Cumhuriyetçi Türk Partisi (CTP) Güzelyurt İlçe Başkanı Çağlar Gulamkadir, Erenköy Direnişinin 58’inci yıl dönümü münasebetiyle bir mesaj yayınladı.

Kıbrıs Türk halkının bağımsızlığı ve özgürlüğü için mücadele eden Erenköy Mücahitlerinin, destansı direnişlerini selamladığını belirten Gulamkadir, acıların bir daha yaşanmaması için dersler çıkarmak gerektiğini dile getirdi.

Neden “Barış” dediklerini ve şuan da ülke yönetiminde bulunanların “Bağımsızlık” kavramının ne anlama geldiğini gerçek anlamda sağlamanın hepimizin görevi olduğunu vurgulayan Gulamkadir, Erenköy Mücadelesinde CTP’nin efsanevi lideri Naci Talat’ın ailesine yazdığı mektubu paylaştı.

İşte Gulamkadir’in sosyal medya paylaşımının tam metni:

Bir daha yaşanmasın, kimsenin göz yaşı akmasın..

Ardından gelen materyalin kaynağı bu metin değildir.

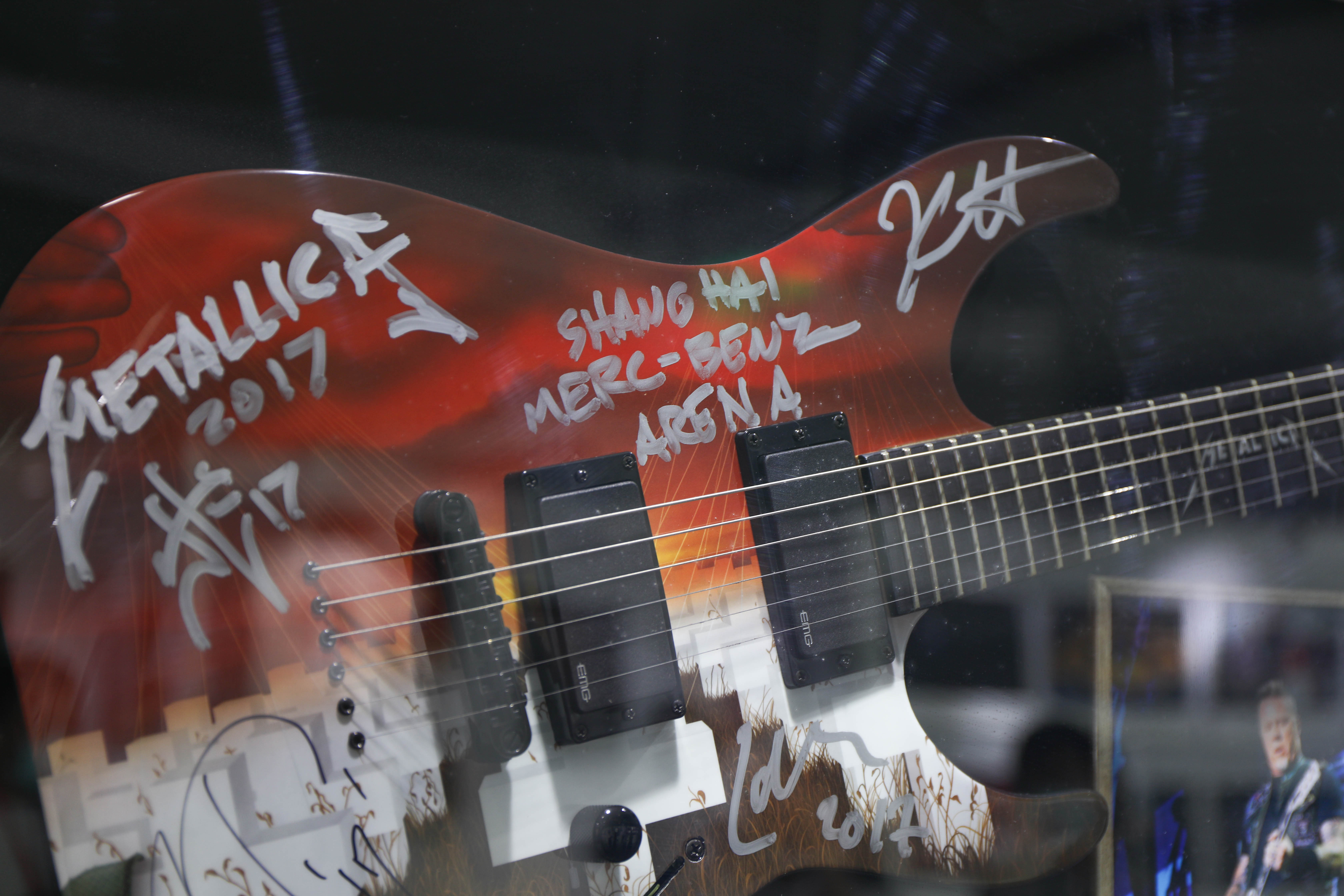 海外区的展品中,集结了来自Taylor Swift、Ed Sheeran、Sam Smith、Bruno Mars等欧美音乐的流行先驱、格莱美奖获得者们的近20张签名海报,也成为众多海外艺人的中国首秀的见证。此外,集齐了Metallica所有乐队成员签名的LTD“Master of Puppets”全球限量400把的吉他、百年NHL(北美职业冰球联赛)首场中国赛签名球衣、中国格斗女战神张伟丽的签名拳套等,也是展览中不可不看的亮点。

Kıbrıs Türk Halkının Bağımsızlığı ve Özgürlüğü için her türlü fedakarlığa hazır olan, başta üniversite öğrencilerinden oluşan Mücahitlerimizin, Erenköy'de yapmış olduğu destansı direnişi selamlarken neler yaşandığını anlamak, yaşanan acıların tekrarlanmaması için ders çıkarmak, neden "Barış" dediğimizi ve şuan baştaki yöneticilerimizin de "Bağımsızlık" kavramını anlamalarını sağlamak sanırım hepimizin üzerine düşen tarihi bir görevdir.

Erenköy mücadelesinde Sevgili Naci abinin ailesine yazmış olduğu mektup:

Sevgili ailem,

Nihayet size daha uzun bir mektup yazma fırsatını buldum. Geçen seferki sadece sağ olduğumu öğrenmeniz için kısacık bir mektuptu. Bu sefer size daha uzun yazmak istiyorum.

O üç günlük korkunç savaşta ben Antakya’da idim. Tanrı’ya şükür ki beni gazi kıldı. O günlerin dehşetini her halde tahmin edersiniz. 2000 kişilik bir Yunan ordusu ve 5-6 yüz mücahit arasındaki müsbetsiz bir mücadele. Havan, bazuka, top, hücumbot ve uçak bombalamaları altındayız... Dolu misali mermi yağıyor. İrili ufaklı dolular. Günde en azından 300 tane havan mermisi yağıyor. Çarpıştık.. Elimizden geleni yaptık. Nihayet Erenköy’e çekildik. Yarı geceden sonra, karanlıkla.. Allaha şükür ki, çekilirken hiç zaiat vermedik. Kavuşunca bol bol anlatırım bu günleri. Ama sonunda jetler yetişti.

Bilmem haberiniz var mıydı? Ben 14 Nisan’dan beri bu bölgedeyim. Benden bu milletin beklediğini yapıyor ve bununla da kıvanç duyuyorum.

Canım kadar sevdiğim iki arkadaşım da bundan bir ay önce gözümün önünde şehit oldu. Haberiniz vardır herhalde. Salahi ve Süleyman; nur içinde yatsınlar. O meşum infilakte orada olup da yaralanmadan tek kurtulan ben oldum. Hüseyin Celal’i görmedinizse gidip görünüz. Gördünüzse bir daha görünüz. Ona okuyacak kitap götürün. Kitap okumasını çok sever O. Ama edebi olsun götüreceğiniz kitaplar.

Yüksel’i de görün. Mektubunu aldığımı,kendisini çok özlediğimi, oturduğu yerde oturmasını, vazifenin her yerde vazife olduğunu, biraz da mizacını düşünmesini; ona benim tarafımdan belirtiniz.

Sizleri çok özledim. Benden yana hiç merak ve endişeniz olmasın. Önce Allah’a sonra da silahıma bunun yanında da kendime güvenim tamdır.

Sizlerin ellerinden, küçük kardeşlerimin ve Ahmetciğin gözlerinden öperim.